The Uyghur Forced Labor Prevention Act passed the House of Representatives 428-1, with only Rep. Thomas Massie, R-Ky., voting against it.
Sen. Marco Rubio, R-Fla., criticized business interests as more allied with Chinese interests than with American ones, and said that even as a Uyghur Forced Labor bill was expected to advance in the House, it wasn't much closer to becoming law.
The Coalition for a Prosperous America asked the Office of the U.S. Trade Representative to allow domestic companies to rebut exclusion applications that claim that there are no affordable alternatives to Chinese products. "Unlike the prior tariff exclusion rounds, the Biden Administration has chosen not to afford any opportunity for domestic producers to rebut unsubstantiated and false claims in importers’ requests," the Coalition wrote in a letter it made public on Dec. 6. It said that USTR needs to closely scrutinize the 2,024 exclusion requests.
John Butler, CEO of the World Shipping Council, said ocean carriers are getting mixed messages from the White House, which is encouraging carriers and ports to rev up their leverage on buyers and freight forwarders so that they pick up their cargo promptly, and from Congress. The House of Representatives is expected to vote on an Ocean Shipping Reform Act that would give the Federal Maritime Commission more authority to punish players for unreasonable demurrage charges -- the same fees used as leverage.
The Build Back Better Act that passed the House will offer an additional $4,500 tax credit for American-assembled electric vehicles from union plants, and it seems likely that the Senate version will strip the unionized portion of that, given West Virginia Democratic Sen. Joe Manchin's opposition. Georgia, which has two newly elected Democratic senators, also is home to a major electric battery manufacturer and a Kia plant. The Kia plant has not yet announced plans to make an electric car.

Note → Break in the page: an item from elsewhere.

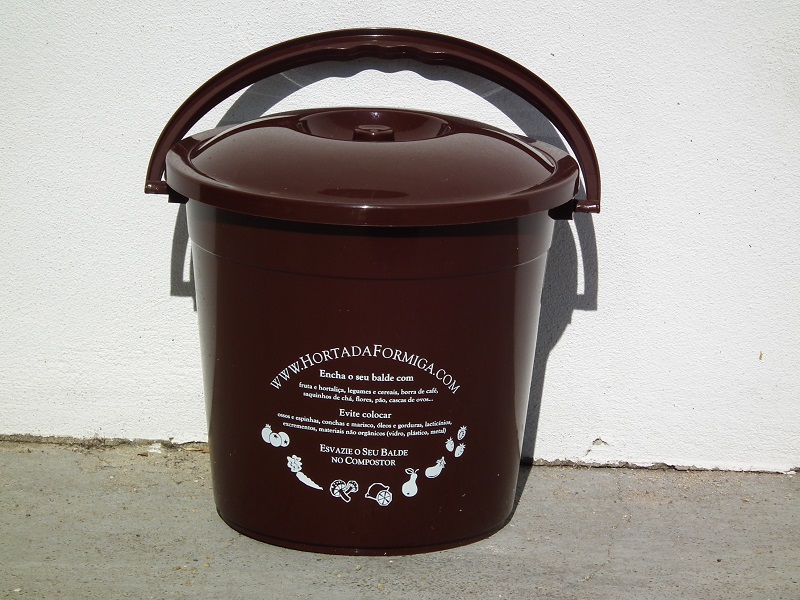Além do compostor é entregue também um pequeno balde para encher com os restos da cozinha:

Sen. Josh Hawley, R-Mo., joined by six other Republicans, introduced a bill that would open a CBP preclearance facility in Taiwan's Taoyuan International Airport. A companion bill is going to be introduced in the House by Rep. Kat Cammack, R-Fla., he said. The Taiwan Preclearance Act would create the first preclearance facility in Asia. Currently, there are agricultural specialists and CBP officers at preclearance sites in Ireland, Aruba, the Bahamas, Bermuda, the United Arab Emirates and Canada. “Taiwan is a leading democracy, a vital partner of the United States, and the perfect place for America’s first preclearance facility in the Indo-Pacific,” Hawley said. “The Taiwan Preclearance Act sets us on a path to establish just such a facility, which will not only benefit the American people, but also strengthen U.S.-Taiwan relations as we work together to maintain a free and open Indo-Pacific.”

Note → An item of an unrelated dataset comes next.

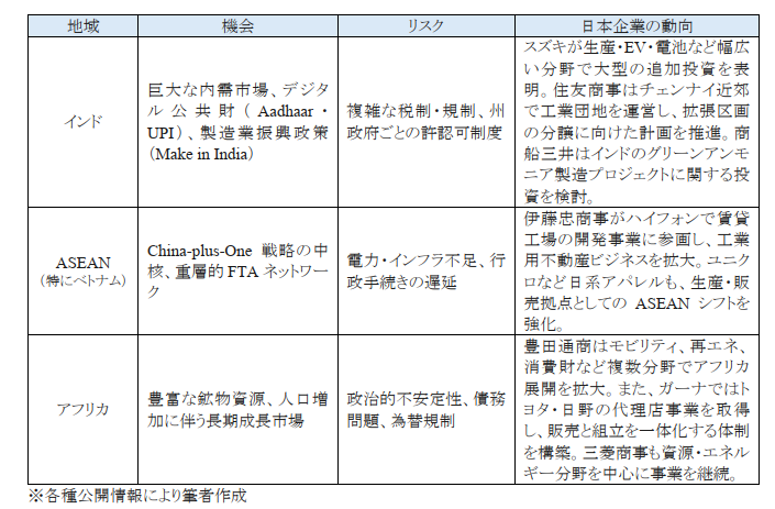 「投資⽴国」としての⽇本の成⻑を持続させるには、インド、ASEAN、アフリカ、南⽶といった、いわゆるグローバルサウス戦略的な投資の分散が不可⽋といえます。ただし、これらの国・地域は⾼い⼈⼝成⻑率と潜在需要を有する⼀⽅、制度的・政治的リスクも併存しており、機会とリスクを精緻に⾒極めた投資戦略が不可⽋です。

The National Customs Brokers & Forwarders Association of America urged its members to share information about where their employees work, and to make calls to their representatives so that a temporary change to bankruptcy law that benefits brokers does not expire at the end of the year. The group "had several calls over the last couple weeks to rally congressional members to support" the Customs Business Fairness Act, Legislative Committee Chair Laurie Arnold said. “The overwhelming comment we receive during these conversations is ‘how many constituents are in my district that this would help?’ It is very difficult for us to give a good answer since we don’t have a complete list from our members.” This year, if an importer declares bankruptcy, the duties that brokers passed through to CBP in the 90 days before the bankruptcy filing are not subject to clawback. But if the provision expires, NCBFAA says, "We are left in the middle holding the bag and potentially on the line to hand over millions of dollars, depending on the size of the importer, to the bankruptcy trustee." The group lobbied for more than 20 years to get this change, "and we now have it," they wrote in an advisory to members. "Don’t let it slip away!"

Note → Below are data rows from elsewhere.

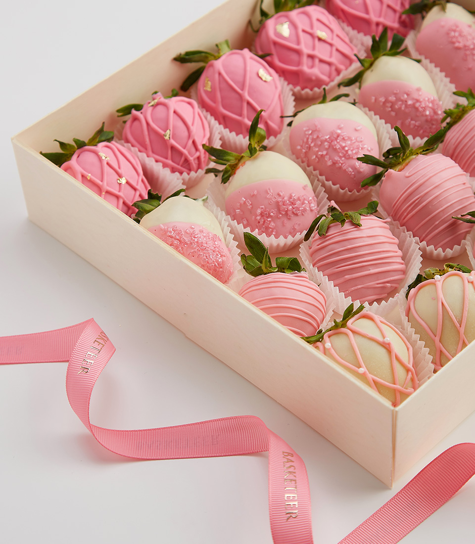 Premium Chocolate-Covered Strawberries – Perfect Gift Box This exquisite assortment of chocolate-covered strawberries is dipped in silky pink and white chocolate, decorated with delicate drizzles, sugar crystals, and gold accents. Presented in a beautiful gift box, this sweet indulgence is perfect for Valentine’s Day, anniversaries, and special celebrations.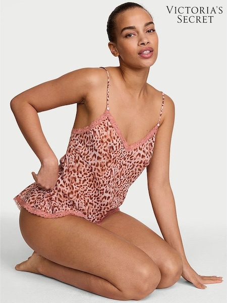 Victoria's Secret Leopard Brown Satin Rose Lace Trim Cami & Flutter Shorts Set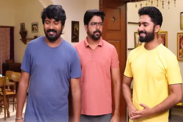சிறகடிக்க ஆசை சீரியலின் இன்றைய எபிசோட்டில், விஜயா வீட்டில் உள்ள பெண்கள் எல்லாரும் பாண்டிச்சேரி சென்ற காரணத்தினால் வீட்டில் உள்ள ஆம்பளைகள் சேர்ந்து சமைக்கின்றனர். இதனால் ஆளுக்கு ஒரு வேலை செய்து சமையல் வேலையை முடிக்கின்றார்கள்.இன்னொரு பக்கம் வீட்டில் யாரும் இல்லாத காரணத்தினால் முருகன் சவாரி கொடுத்த ரோகினியின் உறவினர்களை செல்வத்தை அழைத்துச் செல்லுமாறு முத்து சொல்லுகின்றார். ரோகிணியும் அவருடைய அம்மாவிடம் தான் பிளான் போட்டதுப்படியே நடந்து விட்டது இன்னைக்கு ஒரு நாள் டென்ஷன் இல்லாமல் இருக்கலாம் என்று கூறுகின்றார்.இதை தொடர்ந்து வீட்டில் சமையல் வேலை முடிந்ததும் ஒன்றாக அமர்ந்து சாப்பிட முத்து, மனோஜ், ரவி மற்றும் அண்ணாமலை இருக்கும்போது, அங்கு அண்ணாமலையின் உறவினர்கள் வந்து கல்யாண பத்திரிகை வைக்கின்றார்கள். இதன் போது அங்கிருந்த அண்ணாமலையின் பிள்ளைகளிடம் எப்போது உங்க வீட்டில் விசேஷம் என்று கேட்கின்றனர். அதன் பின்பு அவர்களை சாப்பிடுமாறு அண்ணாமலை சொல்ல, மனோஜ் வேண்டாம் என்று தடுக்கின்றார். ஆனாலும் அண்ணாமலை அவர்களை சாப்பிட வைத்து அனுப்புகின்றார். இதனால் சாப்பாடு முடிந்து விட்டது என்று மனோஜ் புலம்பித் தள்ளுகின்றார்.இறுதியில் சிந்தாமணியின் மகளோடு சத்யா காபி குடிக்கின்றார். இதன்போது சத்யா தன்னுடைய பேமிலி பேக்ரவுண்ட் பத்தி சொல்லுகின்றார். அதேபோல அவரும் தன்னுடைய அம்மா, அப்பா பிரிந்த கதையை சொல்ல முனைய, சத்யா அதை வேண்டாம் என்று சொல்லுகின்றார். இதனால் அவர் இம்ப்ரஸ் ஆகின்றார். இதுதான் இன்றைய எபிசோட்.

Cabinet-level officials in both Mexico and Canada are furiously lobbying U.S. senators to change an electric vehicle incentive in the Build Back Better bill, so that it does not discriminate against cars built in their countries. As passed by the House, the incentive gives larger credits for cars built in the U.S. with U.S. batteries and with at least 50% U.S. content; and in 2027, only cars assembled in the U.S. would be eligible for the purchase credit.
The newly formed Coalition for Economic Partnerships in the Americas does not explicitly say that the textile rules of origin in CAFTA-DR need reform, though it calls on the administration "to do what previous administrations ignored: to structure trade to support investment in the United States and our allies in Central America. In order for our economy to thrive, we must eliminate the bureaucratic red tape that hinders production and investment in the region."